So even with --user-config turned on and --local turned off spamd/spamc is
not giving the same result as spamassassin. Clearly it is not executing the
bayes tests, but it also seems to omit razor2, for example.

Also, I'd like to turn off --local only for selected users (the few that
execute spamc from their procmail, not for everybody. (spamc is called
from qmail-scanner-queue.pl, and it's quite heavy to do all tests for *all*
mail.)



-- v --

v@iki.fi
Re: spamc and spamassassin differences? [ In reply to ]
At 03:37 PM 2/13/2004, Ville Herva wrote:
>That is essentially what I've been doing, apart from that I'd like to have
>the non-local tests and user config to be enabled.

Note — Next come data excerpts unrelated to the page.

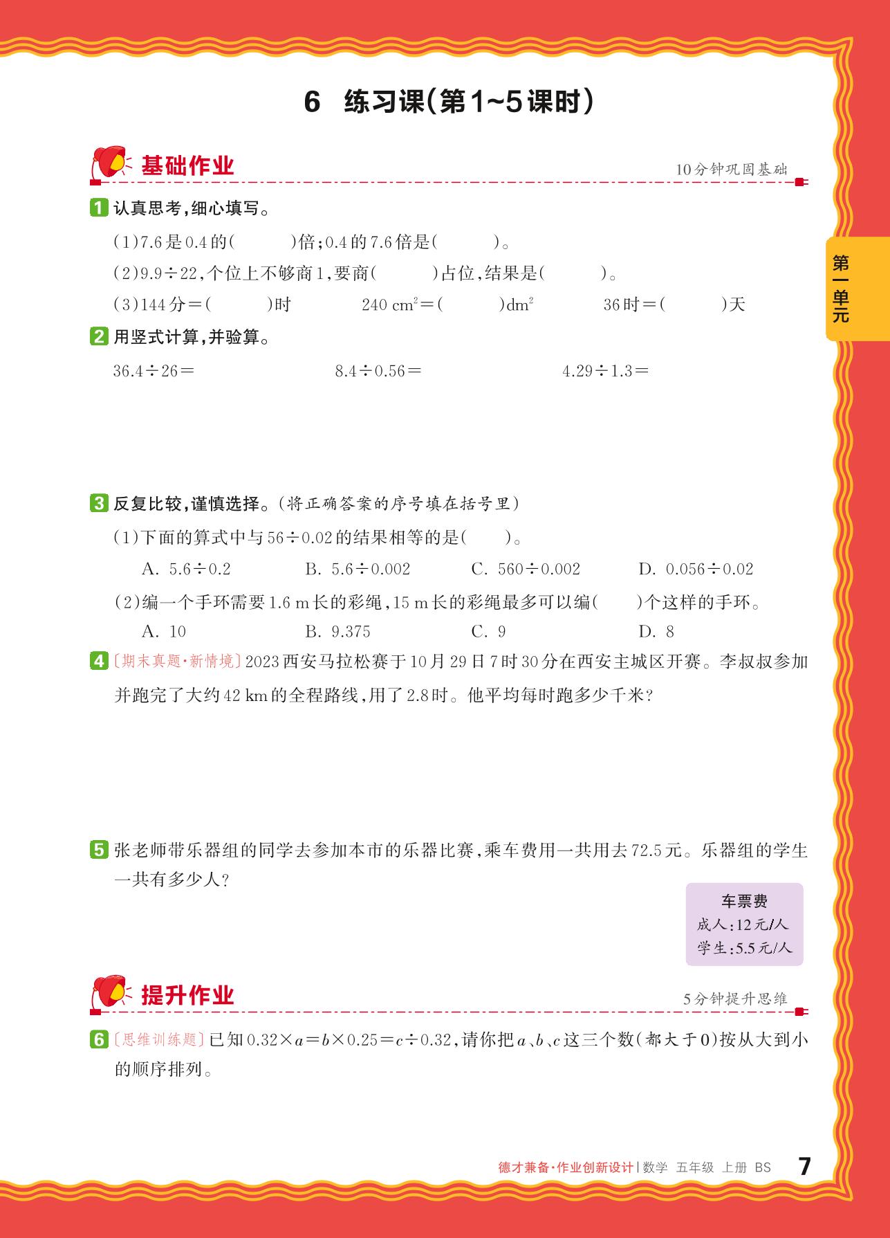 2024秋上册五年级数学北师版 第一单元 小数除法——6. 精打细算、打扫卫生、谁打电话的时间长练习课
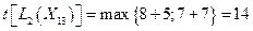 Согласно принципу оптимальности Беллмана, оптимальное управление на каждом этапе определяется целью управления и состоянием на начало этапа. Состояние системы – это события, лежащие на рангах. Для совершения конечного события Х16 необходимо совершение предшествующих событий. Возможные состояния системы на начало последнего этапа работ – совершение событий Х14 и Х15. В кружках у точек Х14 и Х15 поставим максимальную продолжительность работ на последнем этапе: Х14 5, Х15 7. Найдем максимальную продолжительность работ на двух последних этапах. Состояние системы на начало предпоследнего этапа обусловлено событием Х13. Максимальная продолжительность пути, ведущая из Х13 к Х16 равна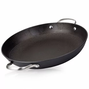 Naczynia nie wolno narażać na gwałtowne zmiany temperatury. Oryginalny produkt greckiej marki NAVA z linii naczyń Atlas. Wyprodukowano zgodnie z europejskimi standardami. <br/>Średnica 26 cmWysokość 8 cmSzerokość 26,5 cmKolor dominujący czarnyMateriał żeliwoDługość 35,5 cmWaga 1420 g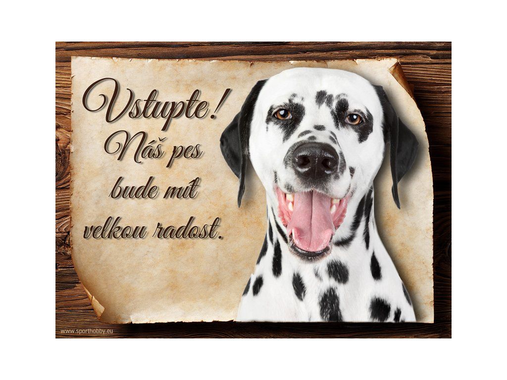 Cedulka s Dalmatinem II, hliníková s nápisem "Vstupte! Náš pes bude mít velkou radost!" Kovová výstražná venkovní cedulka oznamující to či ono, že se ve vašem obydlí může návštěvník setkat s vašim čtyřnohým miláčkem a jeho teritoriem. Velikosti těchto cedulek jsou 15x11,25 a 20x15 cm. Cedulky jsou tištěny sublimační technologií Grawerton přímo na plech. Cedulky dodáváme běžně se zakulacenými rohy. Pokud budete chtít na cedulku vlastní text, napište nám jej do poznámky.

Here are results for one
>spam:
>
>spamc < new.spam.29004.17779 > new.spam.29004.17779.spamc
>spamassassin < new.spam.29004.17779 > new.spam.29004.17779.spamassassin
>

<snip>

Um.. dude.. take a close look at that output... your runs via spamassassin
and spamc are different because you don't have bayes enabled when running
via spamc.

Try running the spamassassin command again, but this time su to the "spamc"
user first.
Re: spamc and spamassassin differences? [ In reply to ]
On Fri, 13 Feb 2004, Ville Herva wrote:

> spamc < new.spam.29004.17779 > new.spam.29004.17779.spamc
> spamassassin < new.spam.29004.17779 > new.spam.29004.17779.spamassassin
>
> spamd is running with these options:
> /usr/bin/perl -T -w /usr/bin/spamd --max-children=30 --user-config -u spamc

OK, so spamd is running as the user "spamc" and spamassassin is running as
the current user (whoever that is). So in all likelyhood they don't have
the same Bayes databases, and therefore won't generate the same score.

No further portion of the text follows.